Exclusive: Shawbrook launches IVA product

The release of the product follows a two year campaign by Shaun Vickery, managing director of The Select Partnership, to persuade lenders to offer refinancing options to IVA clients.

Vickery said the attitudes which lenders have towards customers who have had IVAs are misguided.

He said: “It is based on a lack of understanding of how IVAs work and the judgement that clients who have entered into an IVA five years ago are still a risk today.”

Vickery explained that if a customer enters into a bankruptcy in 2013 he will be discharged by 2014 and in 2020 he will be considered by a mortgage lender for secured finance.

He added: “But if he enters into an IVA, whereby he does not throw his hands in the air and admit defeat, and attempts to repay as much of the debt as he can afford he is penalised in a much more severe manner.”

The standard IVA contract will run for a period of five years after which time a customer is required to try and release equity to repay the remaining debt, up to a maximum LTV of 85%.

As the contracts which are now reaching their fifth year were written in 2007, when the market was more buoyant and competitive, this requirement was considered to be easy to comply with.

However as it is no longer an option to release equity to repay the agreement the insolvency practitioner can either agree an extension of one year after which the debt is written off or they can move to file for bankruptcy.

Vickery said: “This is when the clock starts ticking for an IVA customer.
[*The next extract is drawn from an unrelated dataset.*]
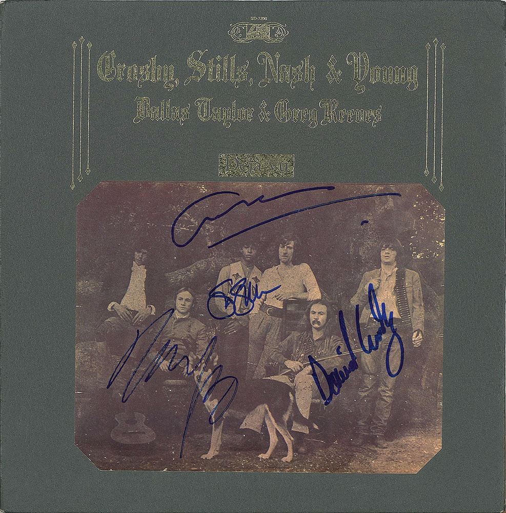 Deja Vu album signed on the front cover in blue felt tip by Stephen Stills, David Crosby, Neil Young, and Graham Nash. In fine condition. The record is not included. Consignor notes that the Crosby, Stills, and Nash signatures were obtained on June 16, 1996, in Buffalo, New York, and the Young signature on March 10, 2004, at the Ritz-Carlton in Cleveland, Ohio. Accompanied by a photo taken at the time of the Stills signing.

After six years of paying into the IVA they then have to wait for another six years for lenders to consider them a safe bet, that takes them to 2025 compared to 2020 for an ex-bankrupt.”
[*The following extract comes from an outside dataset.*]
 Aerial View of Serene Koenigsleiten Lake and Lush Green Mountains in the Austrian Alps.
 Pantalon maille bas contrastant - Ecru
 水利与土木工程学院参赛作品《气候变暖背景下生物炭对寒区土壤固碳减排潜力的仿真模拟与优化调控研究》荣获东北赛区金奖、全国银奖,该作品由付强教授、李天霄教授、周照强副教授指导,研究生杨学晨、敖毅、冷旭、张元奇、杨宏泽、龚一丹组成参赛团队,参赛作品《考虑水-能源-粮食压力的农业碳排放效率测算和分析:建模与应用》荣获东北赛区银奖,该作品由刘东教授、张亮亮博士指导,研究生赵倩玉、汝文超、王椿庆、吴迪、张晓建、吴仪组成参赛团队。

And the lack of options available to an IVA client are making creditors nervous about entering into an IVA because the likelihood of the balance being repaid is minimal.

He added: “Shawbrook really understand the need for a product of this nature and understand that ex-IVA customers are not a risk but can provide a proven history of regular repayments.”

Maeve Ward, head of sales for secured lending, said: “This market is underserviced and as Shaun Vickery points out, other lenders shy away from offering a competitive solution for clients. At Shawbrook we take the time to understand and assess the needs of clients as well as identify gaps in the market.”

Shawbrook will operate with controlled distribution on this product as it only wishes to partner with experts in the field of insolvency.

Ward said: “This is not a product we would offer to the whole of the market we believe there are a few specialists in this arena that are best placed to provide us with responsible cases.”

Vickery has worked closely with Shawbrook for the past two years on the development of this product and for the past 12 months has been submitting cases of this nature to the lender on a trial basis, which he confirmed have all performed well.

There are various reasons why a secured loan provides a better solution in the vast majority of cases in order to settle an IVA.

This is in particular because a remortgage to settle an IVA is likely to force the debtors to accept a significantly higher rate of interest on their mortgage whereas their existing mortgage will more often than not be a competitive mortgage taken prior to their IVA.

There's also the probability of them being locked into this higher rate for a long period with the likelihood of higher than normal early redemption charges whereas none apply to the secured loan product offered with Shawbrook.

Vickery is continuing his campaign to get lenders to understand and serve IVA customers to create more choice for consumers and to prevent creditors refusing to enter into an arrangement because they is no promise of an eventual settlement.